Return all generated numbers.

class Solution:
    def findStrobogrammatic(self, n: int) -> List[str]:
        reversible_pairs = [
            ['0', '0'], ['1', '1'], 
            ['6', '9'], ['8', '8'], ['9', '6']
        ]

        def generate_strobo_numbers(n, final_length):
            if n == 0:
                # 0-digit strobogrammatic number is an empty string.
                return [""]

            if n == 1:
                # 1-digit strobogrammatic numbers.
                return ["0", "1", "8"]

            prev_strobo_nums = generate_strobo_numbers(n - 2, final_length)
            curr_strobo_nums = []

            for prev_strobo_num in prev_strobo_nums:
                for pair in reversible_pairs:
                    if pair[0] != '0' or n != final_length:
                        curr_strobo_nums.append(pair[0] + prev_strobo_num + pair[1])
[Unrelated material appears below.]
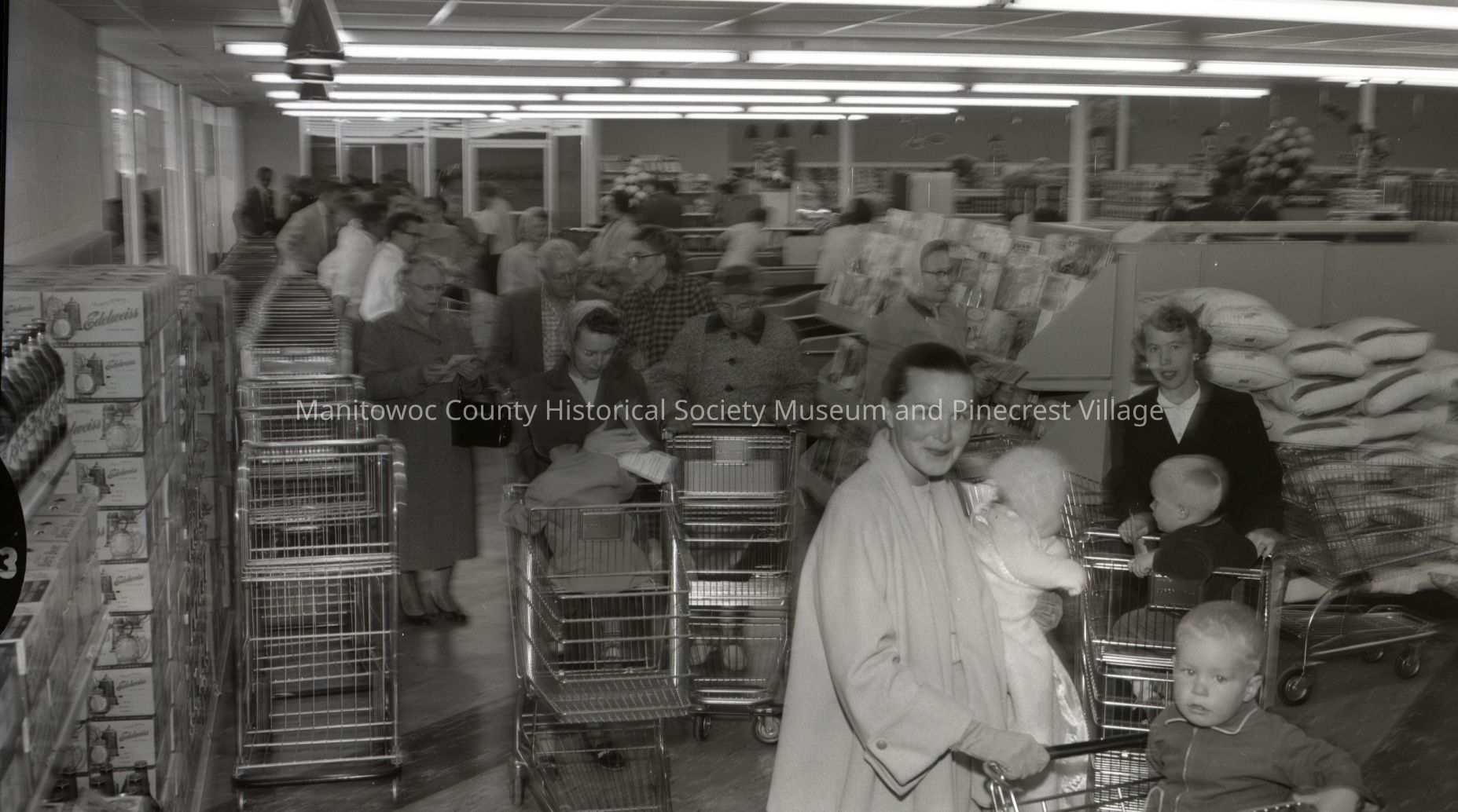 First shopper grabbing a cart at the grand opening of ABC Super Value Store, South 10th Street. Photograph taken October 5th, 1957.Made/Created
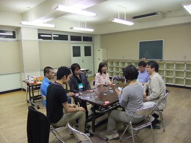み:ここで一度、テーブル分けを変えたんだっけ。 織:ほんとはもっと頻繁に変える予定だったんですけど、人数が少ないので、あまり変えなくとも充分交流できました。 み:『ドメモ』が好評で、もうちょっと遊びたい、という声があって。 織:引き続き『ドメモ』を遊ぶテーブルと、別のゲームを遊ぶテーブルに分かれたんです。 み:織神くんは『ドメモ』のテーブルに行ったんだよね。 織:みやびさんは何をやってたんですか? み:『ヘックメック』を遊んでた。これも遊ぶのに夢中で写真を撮り忘れちゃった。てへっ。 織:てへっ、じゃないですよ〜。仕方ないですねぇ。で、どんなゲームなんです? み:ダイスゲームだよ。詳しいゲームの内容は注釈を見て欲しいんだけど、ダイスゲームだけに、ギャンブルっぽくて燃えた。 織:へー。 み:もちろん確率を計算して可能性の高い手を探るわけだけど、最後は運だからねぇ。 織:運……。それって、みやびさんに最も無いものじゃないですか! み:し、失礼な! 織:だって……勝てたんですか? み:負けた。 織:…………。 み:…………。 織:ファイトです! み:お、おう! そろそろ時間も押し迫ってきて、閉会式まで一時間ってところまで辿りつきました。 どうやら、最後のゲームになりそうです。 み:というわけで、今回の目玉だね。 織:はい♪ み:再び『キャット&チョコレート』だ。 |

            return curr_strobo_nums
            
        return generate_strobo_numbers(n, n)

Time & Space Complexity

Time complexity: $O(N \cdot 5^{\lfloor N/2 \rfloor + 1})$
Space complexity: $O(N \cdot 5^{\lfloor N/2 \rfloor})$

Where $N$ is the length of strobogrammatic numbers we need to find.

2. Iteration (Level Order Traversal)

Intuition

Instead of recursion, we can build strobogrammatic numbers iteratively using a BFS-like approach. Start from the center and expand outward level by level. For odd-length numbers, begin with single digits (0, 1, 8). For even-length numbers, begin with an empty string. Each iteration adds two digits to the current strings, growing them symmetrically until we reach the target length.

Algorithm

Determine the starting point based on parity: if n is odd, start with ["0", "1", "8"]; if even, start with [""].
Track the current string length, starting at n % 2.
While the current length is less than n:
- Increment the length by 2 (adding one digit to each end).
- For each existing string, wrap it with each valid digit pair.
- Skip '0' as the leading digit when at the final length.
Return the final list of strobogrammatic numbers.

class Solution:
    def findStrobogrammatic(self, n: int) -> List[str]:
        reversible_pairs = [
            ['0', '0'], ['1', '1'], 
            ['6', '9'], ['8', '8'], ['9', '6']
        ]

        # When n is even (n % 2 == 0), we start with strings of length 0 and
        # when n is odd (n % 2 == 1), we start with strings of length 1.
        curr_strings_length = n % 2
        
        q = ["0", "1", "8"] if curr_strings_length == 1 else [""]
        
        while curr_strings_length < n:
            curr_strings_length += 2
            next_level = []
            
            for number in q:
                for pair in reversible_pairs:
                    if curr_strings_length != n or pair[0] != '0':
                        next_level.append(pair[0] + number + pair[1])
            q = next_level
            
        return q

Time & Space Complexity

Time complexity: $O(N \cdot 5^{\lfloor N/2 \rfloor + 1})$
Space complexity: $O(N \cdot 5^{\lfloor N/2 \rfloor})$
- Note: In javascript and python, in the last iteration the arrary, is the output array. Thus it will not be considered in auxiliary space. But still, the overall order of the complexity remains the same.

Where $N$ is the length of strobogrammatic numbers we need to find.

Common Pitfalls

Allowing Leading Zeros

Numbers cannot have leading zeros (except for "0" itself when n=1). When building the outermost layer of digits, you must skip the (0, 0) pair to avoid generating invalid numbers like "010" or "00100".

Forgetting That 6 and 9 Map to Each Other

Unlike 0, 1, and 8 which map to themselves when rotated 180 degrees, 6 becomes 9 and 9 becomes 6. The reversible pairs must include both (6, 9) and (9, 6) to correctly generate all strobogrammatic numbers.

Incorrect Base Cases for Odd vs Even Length

For even-length numbers, the recursive base case is an empty string (length 0). For odd-length numbers, the center digit must be strobogrammatic by itself: only 0, 1, or 8. Mixing up these base cases or forgetting the odd-length center constraint will produce incorrect results.